Monday, June 16, 2014

So, You Want to Marry a Doctor?

This weekend was exciting for our family.  Jeremy graduated from his fellowship program. This means he will start private practice in two weeks, and that we get to start paying off a whole lotta debt!  I'm pretty excited...about one of these things! 

So, here's the thing: I want you to all know I'm not complaining.  We have had some wonderful experiences, met some of our best friends, and lived in two great states. BUT, this has been freaking hard at times!  I am so proud of my husband, and I wanted to share our 13-year, non-sugarcoated adventure in getting to this point.  So there I was...

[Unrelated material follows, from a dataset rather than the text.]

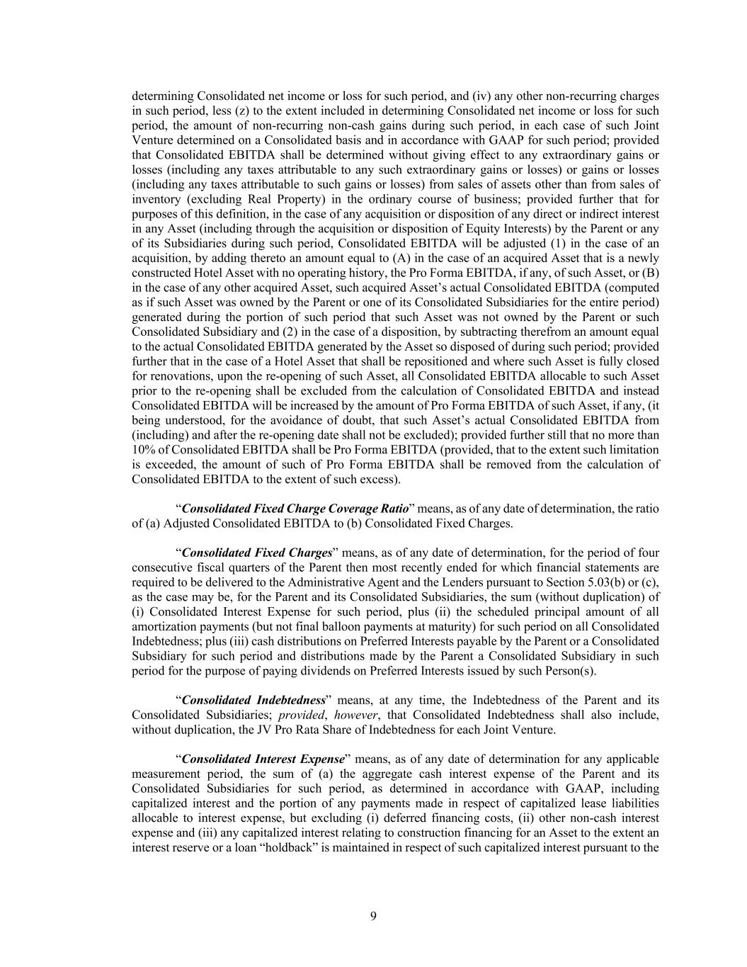 9 determining Consolidated net income or loss for such period, and (iv) any other non-recurring charges in such period, less (z) to the extent included in determining Consolidated net income or loss for such period, the amount of non-recurring non-cash gains during such period, in each case of such Joint Venture determined on a Consolidated basis and in accordance with GAAP for such period; provided that Consolidated EBITDA shall be determined without giving effect to any extraordinary gains or losses (including any taxes attributable to any such extraordinary gains or losses) or gains or losses (including any taxes attributable to such gains or losses) from sales of assets other than from sales of inventory (excluding Real Property) in the ordinary course of business; provided further that for purposes of this definition, in the case of any acquisition or disposition of any direct or indirect interest in any Asset (including through the acquisition or disposition of Equity Interests) by the Parent or any of its Subsidiaries during such period, Consolidated EBITDA will be adjusted (1) in the case of an acquisition, by adding thereto an amount equal to (A) in the case of an acquired Asset that is a newly constructed Hotel Asset with no operating history, the Pro Forma EBITDA, if any, of such Asset, or (B) in the case of any other acquired Asset, such acquired Asset’s actual Consolidated EBITDA (computed as if such Asset was owned by the Parent or one of its Consolidated Subsidiaries for the entire period) generated during the portion of such period that such Asset was not owned by the Parent or such Consolidated Subsidiary and (2) in the case of a disposition, by subtracting therefrom an amount equal to the actual Consolidated EBITDA generated by the Asset so disposed of during such period; provided further that in the case of a Hotel Asset that shall be repositioned and where such Asset is fully closed for renovations, upon the re-opening of such Asset, all Consolidated EBITDA allocable to such Asset prior to the re-opening shall be excluded from the calculation of Consolidated EBITDA and instead Consolidated EBITDA will be increased by the amount of Pro Forma EBITDA of such Asset, if any, (it being understood, for the avoidance of doubt, that such Asset’s actual Consolidated EBITDA from (including) and after the re-opening date shall not be excluded); provided further still that no more than 10% of Consolidated EBITDA shall be Pro Forma EBITDA (provided, that to the extent such limitation is exceeded, the amount of such of Pro Forma EBITDA shall be removed from the calculation of Consolidated EBITDA to the extent of such excess). “Consolidated Fixed Charge Coverage Ratio” means, as of any date of determination, the ratio of (a) Adjusted Consolidated EBITDA to (b) Consolidated Fixed Charges. “Consolidated Fixed Charges” means, as of any date of determination, for the period of four consecutive fiscal quarters of the Parent then most recently ended for which financial statements are required to be delivered to the Administrative Agent and the Lenders pursuant to Section 5.03(b) or (c), as the case may be, for the Parent and its Consolidated Subsidiaries, the sum (without duplication) of (i) Consolidated Interest Expense for such period, plus (ii) the scheduled principal amount of all amortization payments (but not final balloon payments at maturity) for such period on all Consolidated Indebtedness; plus (iii) cash distributions on Preferred Interests payable by the Parent or a Consolidated Subsidiary for such period and distributions made by the Parent a Consolidated Subsidiary in such period for the purpose of paying dividends on Preferred Interests issued by such Person(s). “Consolidated Indebtedness” means, at any time, the Indebtedness of the Parent and its Consolidated Subsidiaries; provided, however, that Consolidated Indebtedness shall also include, without duplication, the JV Pro Rata Share of Indebtedness for each Joint Venture. “Consolidated Interest Expense” means, as of any date of determination for any applicable measurement period, the sum of (a) the aggregate cash interest expense of the Parent and its Consolidated Subsidiaries for such period, as determined in accordance with GAAP, including capitalized interest and the portion of any payments made in respect of capitalized lease liabilities allocable to interest expense, but excluding (i) deferred financing costs, (ii) other non-cash interest expense and (iii) any capitalized interest relating to construction financing for an Asset to the extent an interest reserve or a loan “holdback” is maintained in respect of such capitalized interest pursuant to the

I started dating my husband in December of 2000. My attraction to Jeremy had nothing to do with the fact that he wanted to be a doctor, but I'll be honest, to my 20-year-old self, it was a major bonus. Little did I know that wanting to be a doctor, being a doctor, and actually making money as a doctor are all completely different. Oh, so different.
This is the crazy, long-boarding, bleached blonde, baggie pant-wearing guy I met in college. He could be a doctor, right? I mean, he obviously has no problem with open wounds and blood.  Or taking pictures of himself before he goes to the ER after a longboard crash.
When Jeremy and I married in May of 2001, he had completed one year of school. One. Year. After lots of studying, testing, moving, training, paying, working, and a-la-ah-ott of debt, we are almost done. Yes, in just 13 short years, you, too, can be married to a doctor! 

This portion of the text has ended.